Frans zeevaarder (St Malo 1491 - i Sept. 1557), ondernam in 1534 een reis naar het gebied van de St Laurens, vanwaar hij na vijf maanden zonder veel resultaat terugkeerde. In de jaren 1535 en 1536 leidde hij een nieuwe tocht naar die gebieden; hij overwinterde op het eiland Mont Royal (het tegenwoordige Montreal) en achtte de streek geschikt voor kolonisatie.

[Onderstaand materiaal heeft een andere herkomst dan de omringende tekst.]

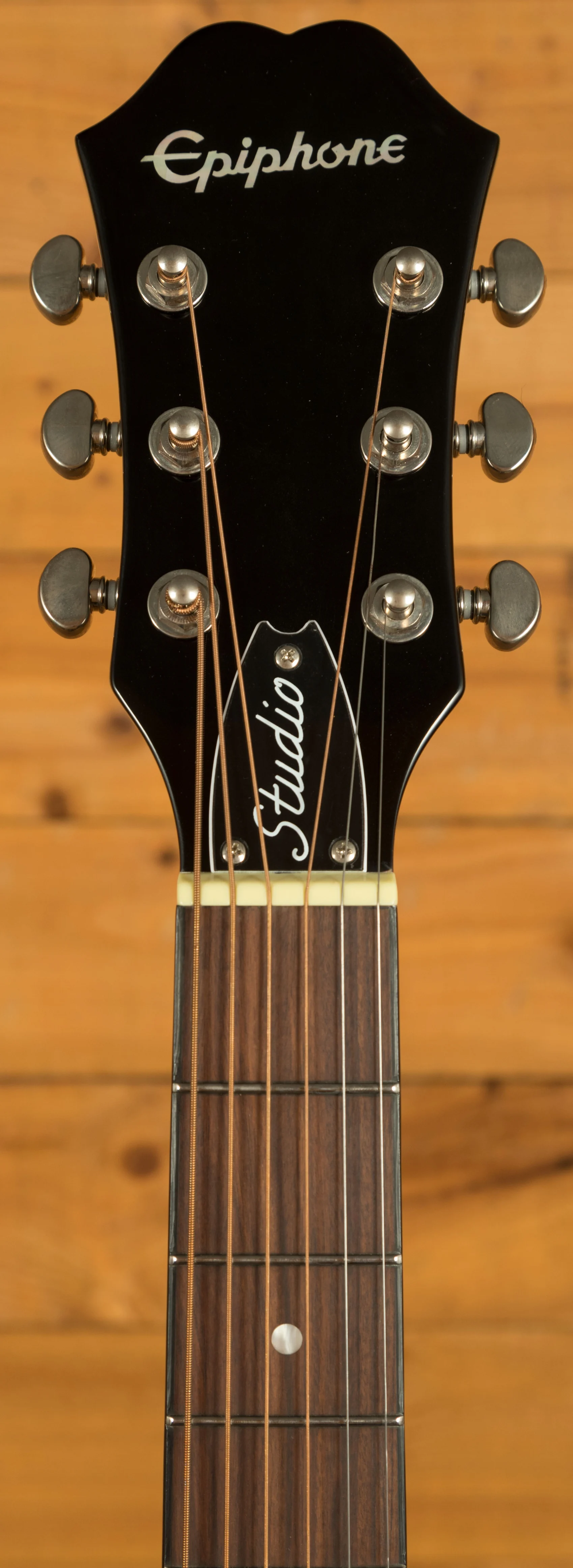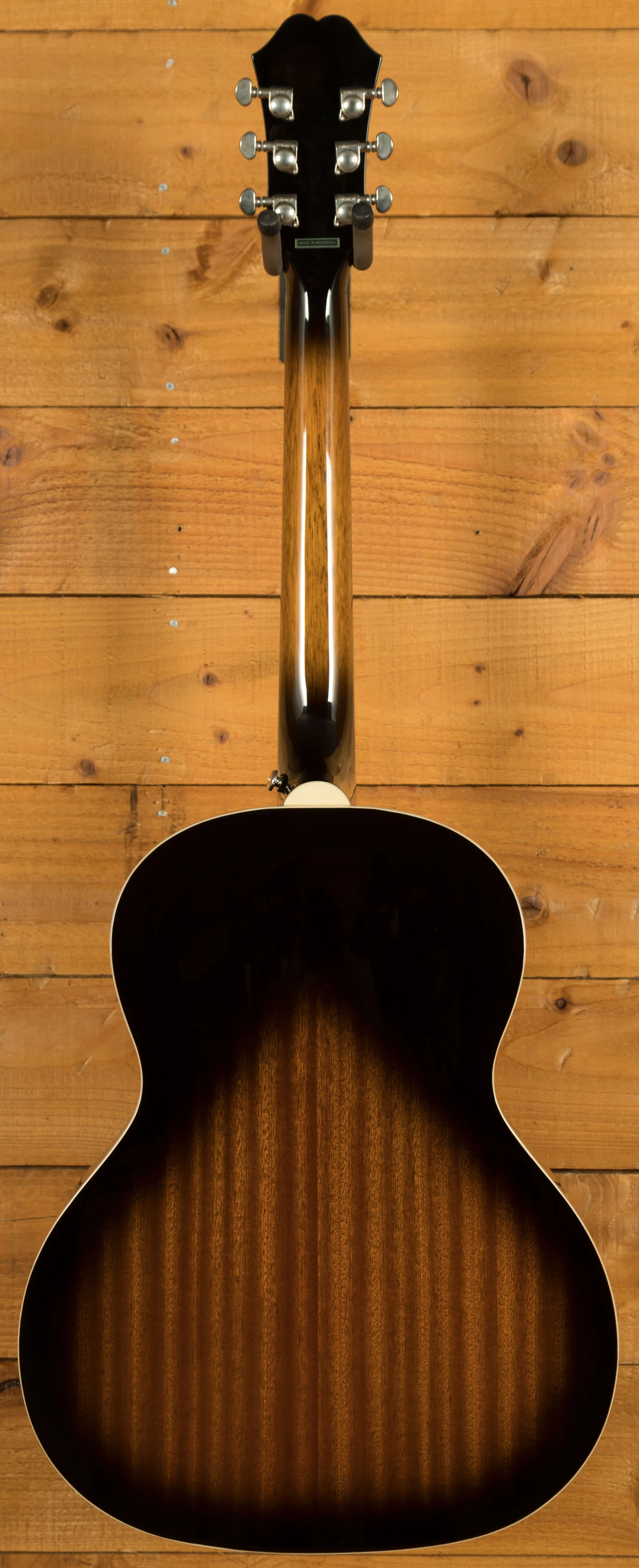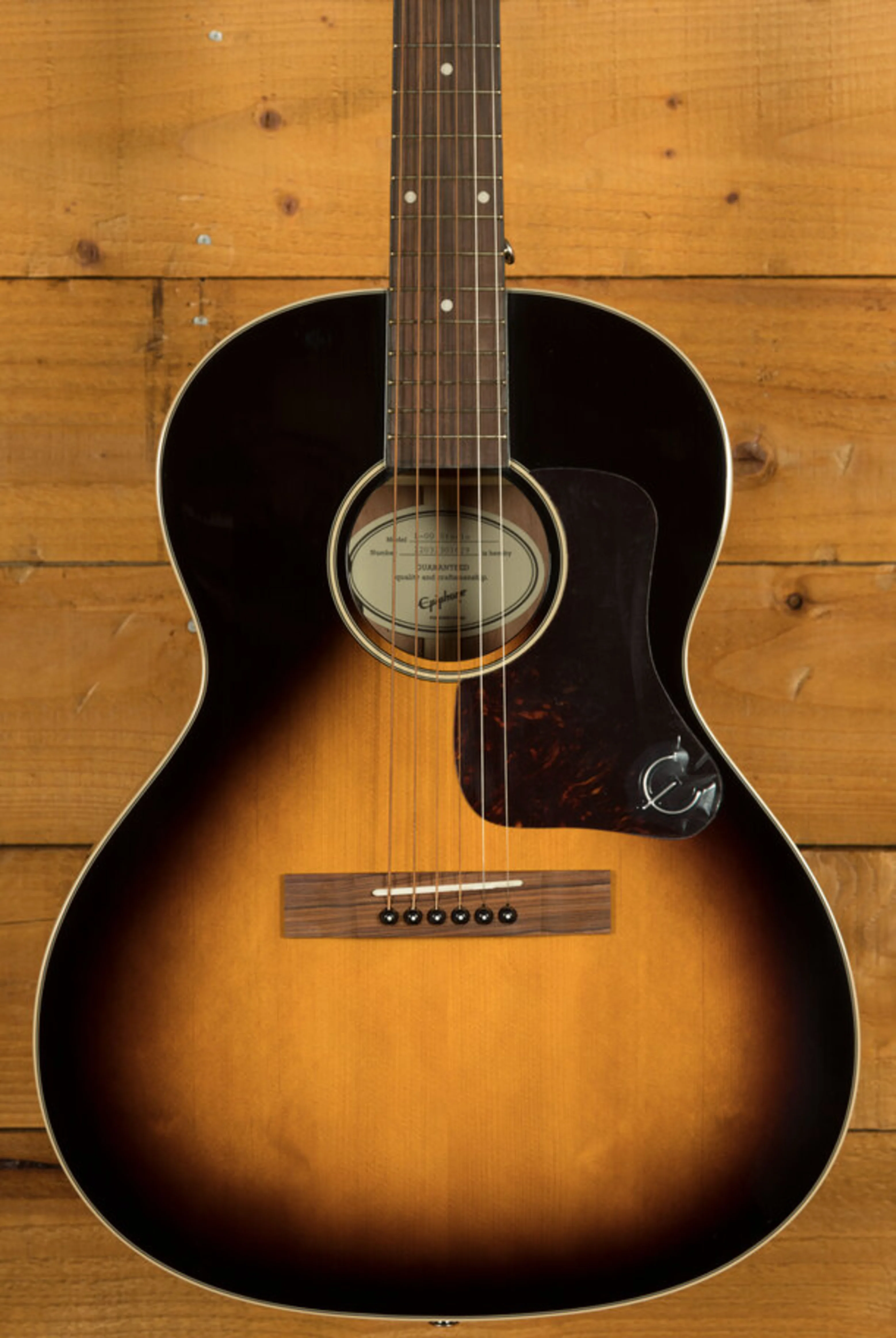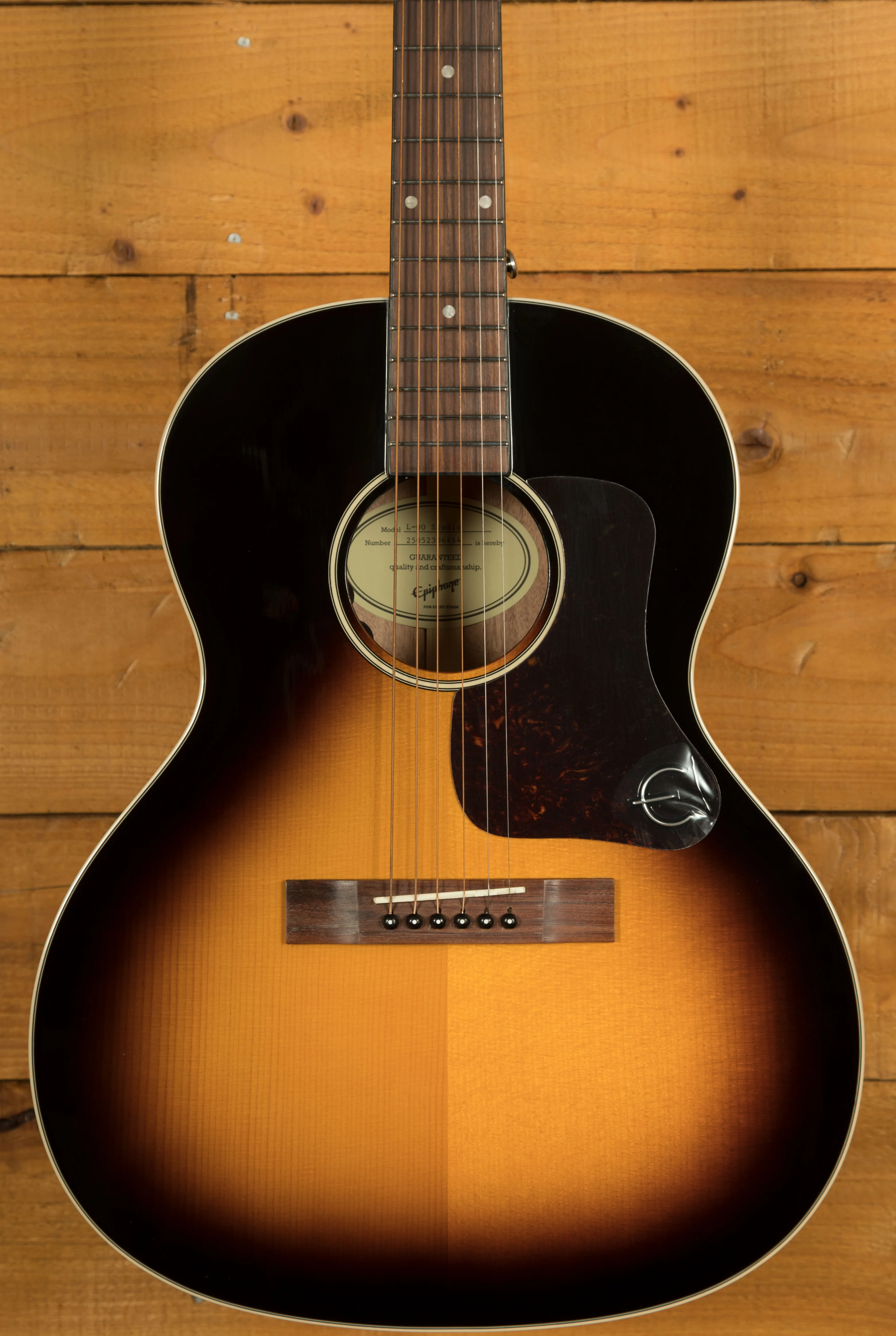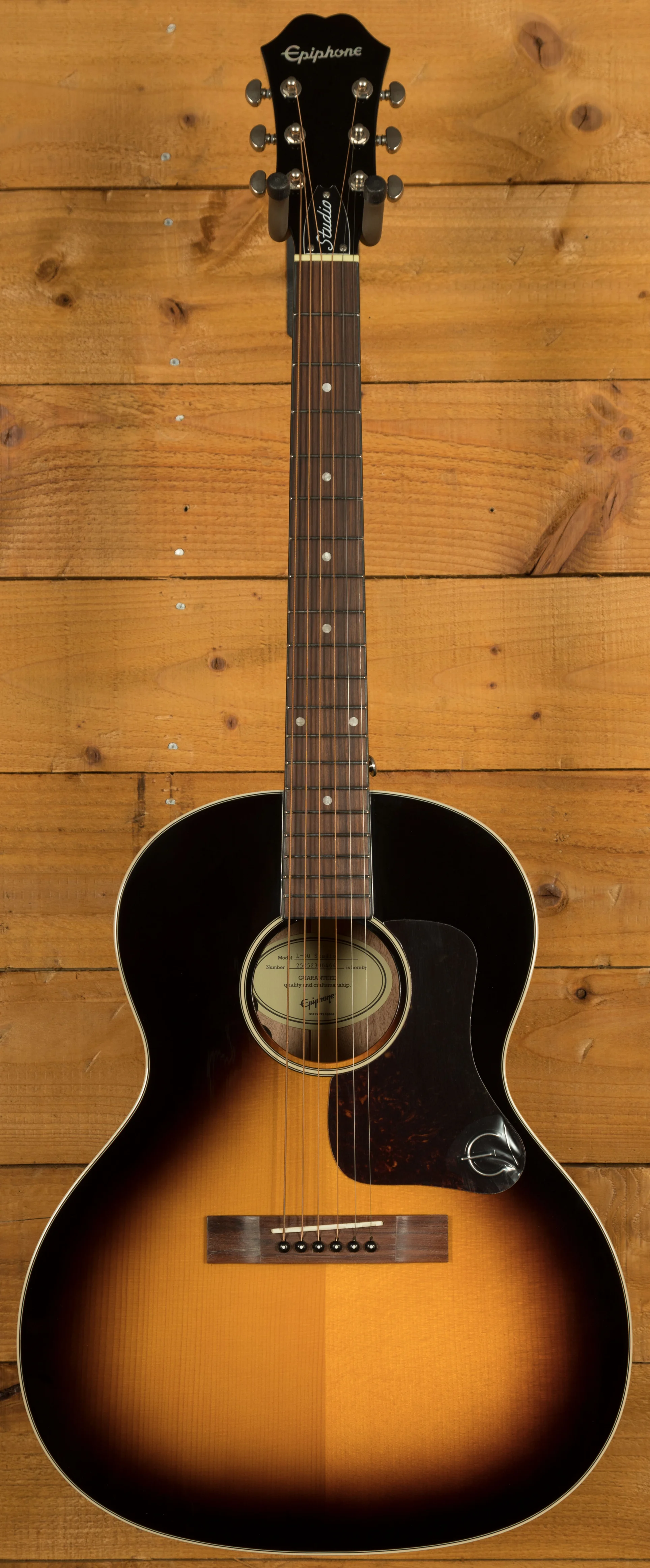 The Epiphone L-00 Studio Acoustic/Electric is a compact and versatile guitar designed for players who value comfort, playability, and a balanced tone. Its solid spruce top provides clear projection and dynamic range, while the mahogany back and sides add warmth and depth to the sound. With a shorter 24.75" scale length and SlimTaper D profile neck, this model is comfortable to play for extended periods, making it well-suited for both beginners and experienced musicians. The 12" fingerboard radius and medium jumbo frets further enhance playability, offering smooth chord transitions and accurate note articulation.

In 1541 bracht hij er een aantal kolonisten heen, die als onderkoning zouden hebben François de Roberval. Jaloezie tussen Cartier en Roberval, alsmede conflicten tussen de kolonisten onderling (de meeste waren van het laagste allooi) deden deze eerste Franse kolonisatiepoging in Canada mislukken. Cartier haalde de overgeblevenen terug; de datum van deze laatste reis is niet bekend. Zijn mémoires zijn in 1598 te Parijs uitgegeven onder de titel: Discours du voyage fait par le capitaine Jacques Cartier aux Terres Neufves de Canada.Lit.: Joüon des Longrais, Jacques C. (1888); The Voyages of J. C., publ. from the originals etc. by H. P. Biggar (Ottawa 1924); A collection of documents relating to J.
C. and the Sieur de Roberval. Ed. by H. P. Biggar (Ottawa 1930); G.
Lanctot, Cartier’s first voyage to Canada in 1524, in Canad. Histor. Rev., dl 25 (1944). blz. 233 v.v.